Ability of searching optimum is needed in early period, the later stage needs local search ability, therefore is directed to different situations, using difference
Formula carry out the position and speed of more new particle.
Further, the CFS evaluation functions of the binding marker correlation are:
Wherein, CFS (S) is the evaluation of estimate of the candidate subset S comprising k feature;For saccharomycete candidate feature subset S with
Average correlation between label sets L,For the average correlation between saccharomycete label sets L and label sets L,For yeast
Average redundancy in bacterium candidate feature subset S between feature.
Further, further include the steps that the control of population that position is 1 it is n before the adaptive value for calculating each particle:
Count the positional number h that position is 1 in each particle:
If h > n, the position that h-n value is 1 is changed to 0 at random;
If h < n, the position that n-h value is 0 is changed to 1 at random.
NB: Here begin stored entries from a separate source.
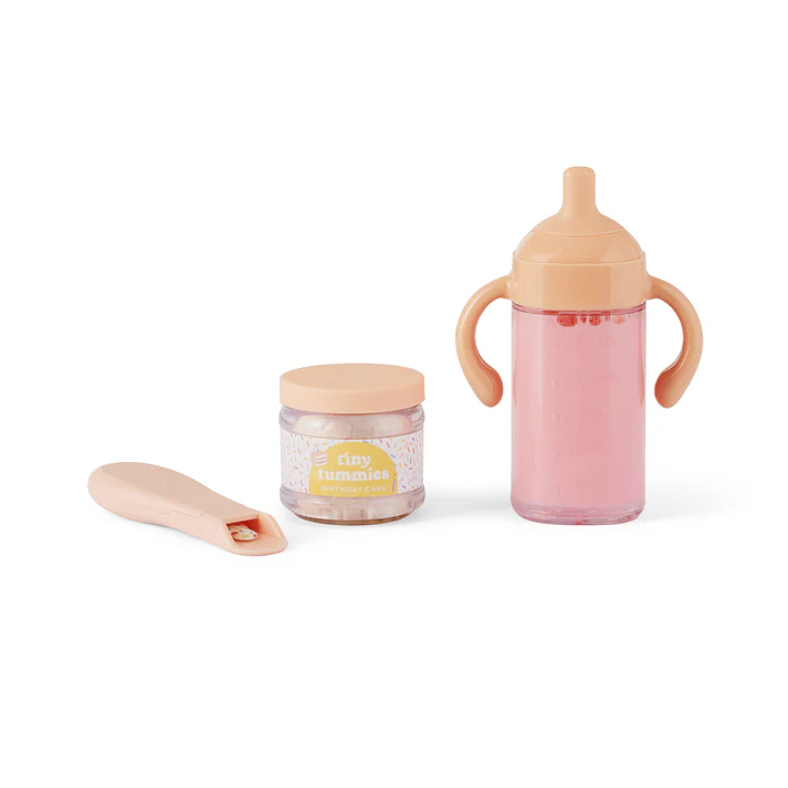 Zestaw urodzinowy dla lalek od australijskiej marki Tiny Harlow. Daj lali pić ze specjalnego kubka-niekapka i nakarm ją łyżeczką – w słoiczku czeka deserek Tiny Tummies o smaku magicznego, urodzinowego tortu! Mleko truskawkowe magicznie znika, kiedy przechylasz kubek – jakby lala faktycznie piła! ?? Do słoiczka z deserkiem dołączona jest specjalna łyżeczka – kiedy przykłada się ją lali do ust, wygląda, jakby naprawdę jadła. Miła niespodzianka: nakrętka słoiczka pachnie jak prawdziwy tort urodzinowy.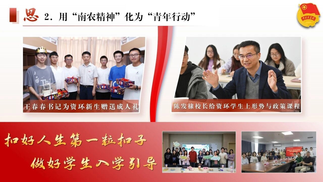 加强团学宣传阵地建设,充分发挥思想引领作用。学院团委邀请王春春书记、陈发棣校长为团员青年讲述好开学第一课,扣好人生第一粒扣子;以“南农资环青年”微信公众号为院团委宣传主阵地,做好宣传解读和政治价值导向,开设各项特辑专栏,共发布推送416篇,收获粉丝9766人,新媒体工作获得省级表彰,真正做到与学生同轨,与时代并进。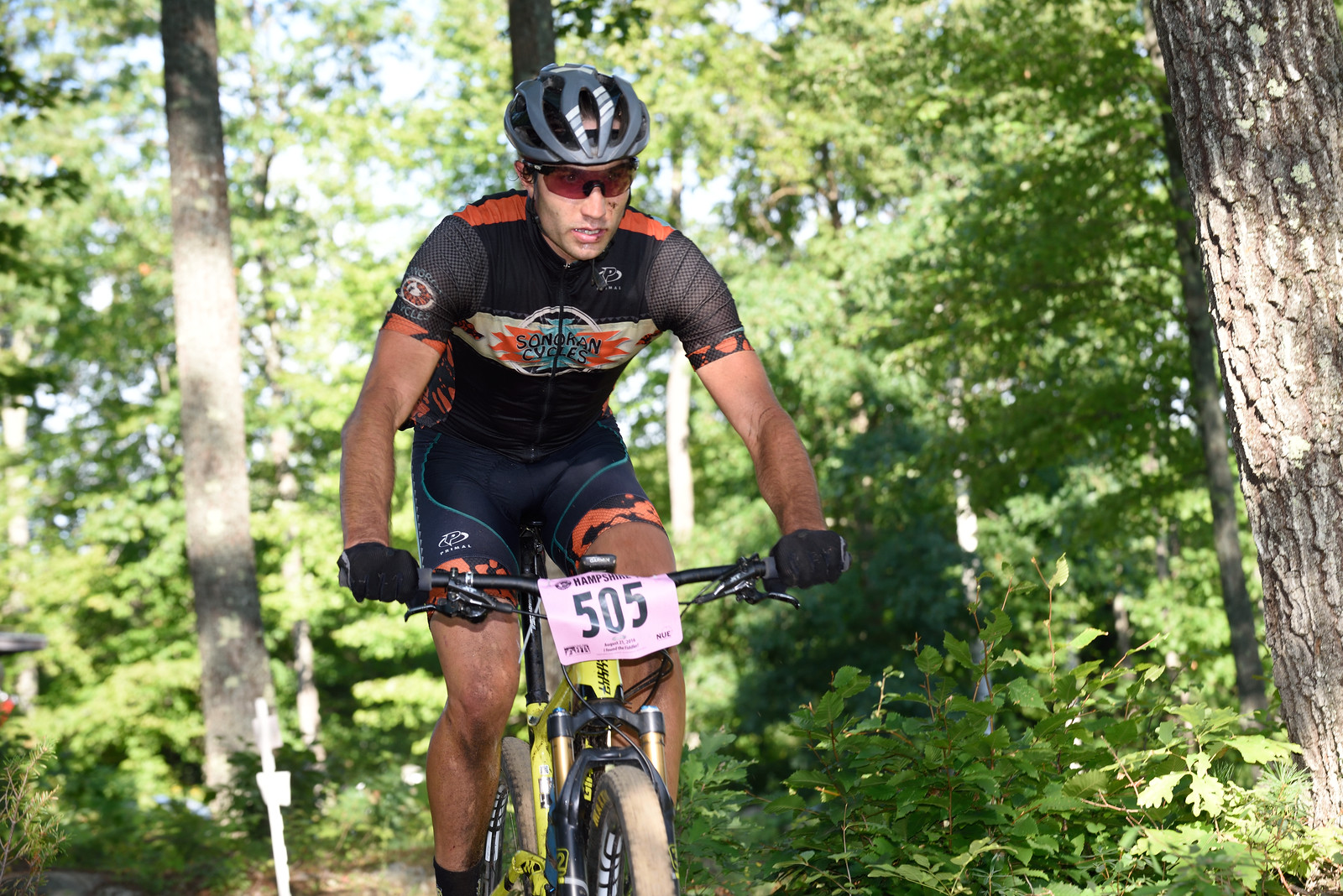 Ten minutes later, 55-year-old Mark Vojtko, Claremont Cycle Depot, finished second at 6:37:42. “My race went pretty good. I started off slow and found a good rhythm. Eat-drink-pedal-don’t burn any matches-save the bike-repeat. I ride my race, I pass people, and people pass me. The tea leaves fall where they’re going to fall in the end. I’ve had the great fortune of three podium finishes out of five consecutive NH-100 completions-not bad for someone who started racing mountain bikes at age 47. All races hurt, all races teach you to dig deep, and they’re all rewarding.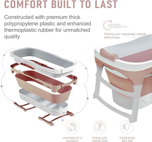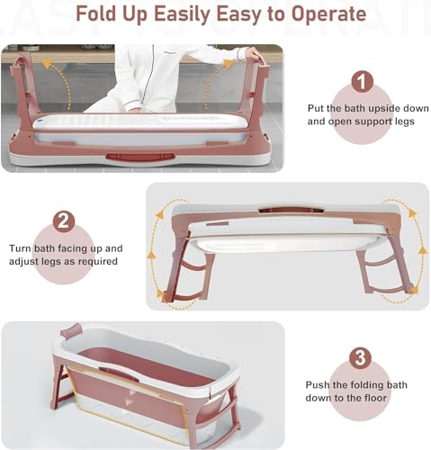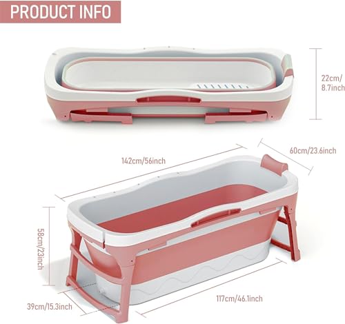 Specification: Portable Bathtub-Large 56″Foldable Collapsible Tub for Adults-Soaking Bathtub with Side Handles&Waterproof Neck Pillow&Foot Massage Roller(pink)
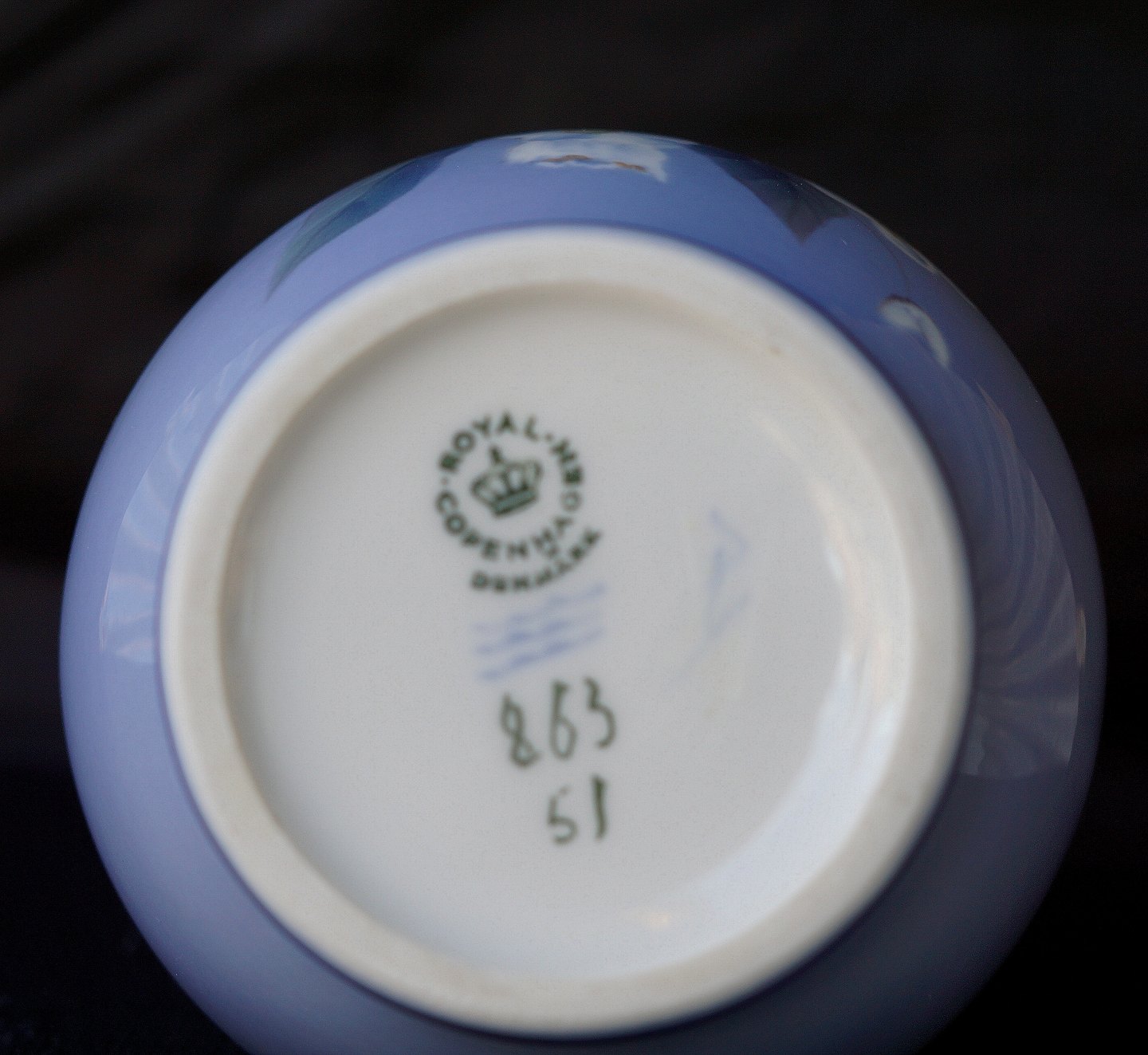 Royal Copenhagen, vase 863/51. Motiv på vase blomstergren med hvide blomster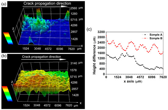 Figure 6 illustrates the three-dimensional fatigue fracture surfaces of samples A and B. In order to gain a more thorough understanding of the effect of roughness induced crack closure (RICC) on the FCP rate, the height difference of fatigue fracture surface is calculated via KH7700 3DViewer (see Figure 6c, Hirox, Tokyo, Japan). Apparently, sample B possesses a relative rougher fatigue fracture surface than sample A. Besides, the height difference of fatigue fracture surface of sample B is much higher than that of sample A.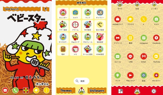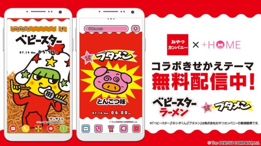 スマホのきせかえにもベビースター!?ベビースター and きせかえアプリ「+HOME」にてコラボきせかえテーマ無料配信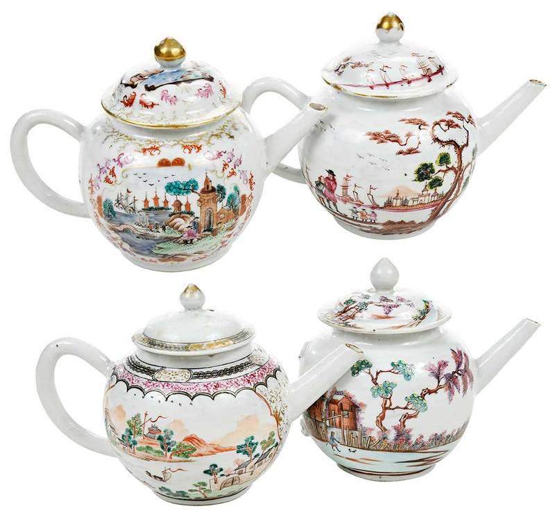 Four Chinese Export Teapots with Landscapes

The present invention also provides a kind of saccharomycete multiple labeling feature selecting device based on particle group optimizing, including processing
Device, the processor realize following method for executing instruction:
Extract saccharomycete sample data set, the saccharomycete sample data set include multiple saccharomycete sample characteristics matrixes and
Sample labeling matrix;
The characteristic for extracting saccharomycete sample data set, initializes binary-coded population, and initialize particle
The position and speed of group;
By the correlation between redundancy, feature and the label between measures characteristic and feature, between label and label
Correlation, construct binding marker correlation CFS interpretational criteria functions;
According to the CFS evaluation functions of the binding marker correlation, the adaptive value of each particle is calculated;
To each particle, the optimal location pbest that the adaptive value and its that are calculated live through is compared, if better than most
Excellent position pbest, then the optimal location pbest lived through the adaptive value of the calculating as it;
And using the optimal location pbest of all particles as the optimal location gbest of group;
The position and speed of more new particle is iterated, and the optimal location gbest intermediate values of finally obtained group are right for 1
The feature answered is the optimal feature subset of saccharomycete data set.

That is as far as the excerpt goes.